The last one of that is even more worse to get accepted. That is classic development approaches (like ETL) are not suited with analytics.
The reason is you are needing real production data to process for development not faked one. It can be a good sample but still all is real life data in development.
I am not the only one saying this...

This is a conflicting  one with classic IT approach as there developers are nor allowed to access production.  All kind of barriers are build (network segements, machine namings) to enforce that data isolation.

Regulations are coming in with mandatory monitoring (SIEM and operational) guidelines.

What this implies is:

- you need a lifecycle process (D,T,A,P) of business-rules developed on production data.

- This lifecycleprocess must run on segregated environments within the "production domain" (data isolation).

- When it is necessary to isolate machines (performance or access reason) you will at least two of them

  It is possible with a not so often promotion process to manage those stages by definition in time.

  Stop developing go for testing after acceptance and promoting allowing new development.

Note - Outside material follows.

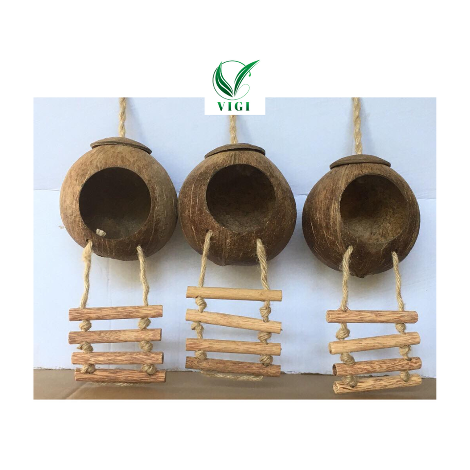 ที่พักพิงสำหรับสัตว์เลี้ยงเปลือกมะพร้าวทำด้วยมือบ้านทำรังนกสำหรับแฮมสเตอร์นกแก้วฟินช์สั่งซื้อจำนวนมาก

- When changes will come in higher rate (agile/acrum) the more physical/logical implementations are needed.

- When devlopers are not allowed the operational machines but must be able to see the production "business code" there must shadows made available.

You could end up this way with a lot of promotion and synchronization processes.

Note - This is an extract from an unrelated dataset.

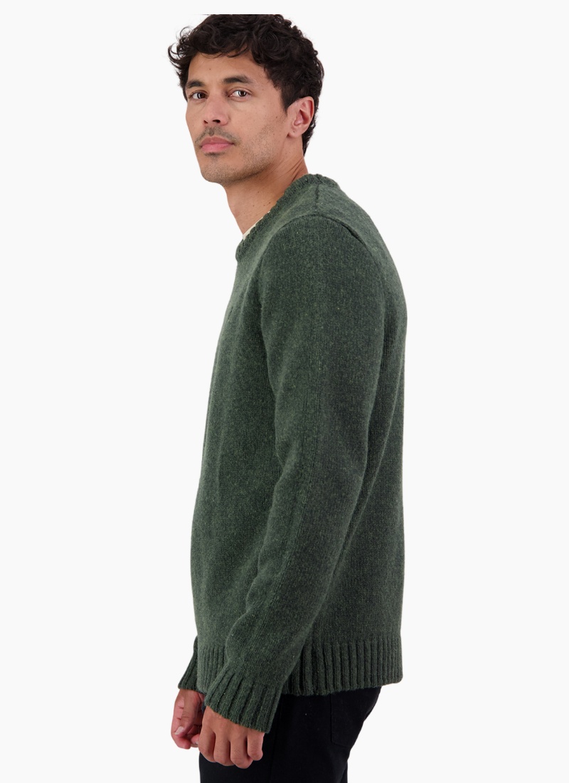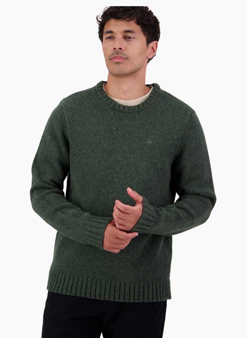 Introducing the Waylins Crew from Swanndri. This forest green wool jumper channels classic Kiwi outdoors heritage with everyday wearable comfort.

Sounds complicated but a figure kan help.

This is a N-P-K dilemma at most implementations.  

---->-- ja karman --<-----
Community Manager
Posts: 486

Re: Promoting business rules to the Data Management Server

Thanks Jaap, appreciate this info from a best practice perspective. Here’s an approach from a SAS expert on how to do this in Data Management Studio specifically.

Create two repositories on DM Studio, one for the DM Studio repository and one for the DM Server repository. In each folder, create a directory called “Shared Data” (no quotes). After this, you may need to close and reopen DM Studio. Highlighting Shared Data should display the rules and tasks in the repository. Highlight the rules you need to migrate, right-mouse-click and select “Copy to folder…” A pop-up box should display.  Navigate to the target Shared Data folder and click “OK.”

Do the same for the tasks.

This should work for any rule or task. Keep in mind, though, if you change the name of a rule or task, new entries are added. So, if the rule was initially named “NULL Check” and is now named “NULL Invalid,” a new rule called “NULL Invalid” is inserted into the target repository. Even if the name is off by one character, a new rule or task is inserted.

When copying the rules, any field used by the rules is also copied. Dashboards and other objects can be migrated using Business Rule Manager specifically.

Note that this will work even if your server and client are not on the same system, but they DO need to connect to the same database. The rules and tasks are fully contained in the database portion of the repository. 

Community members – do you have any other ideas on this topic?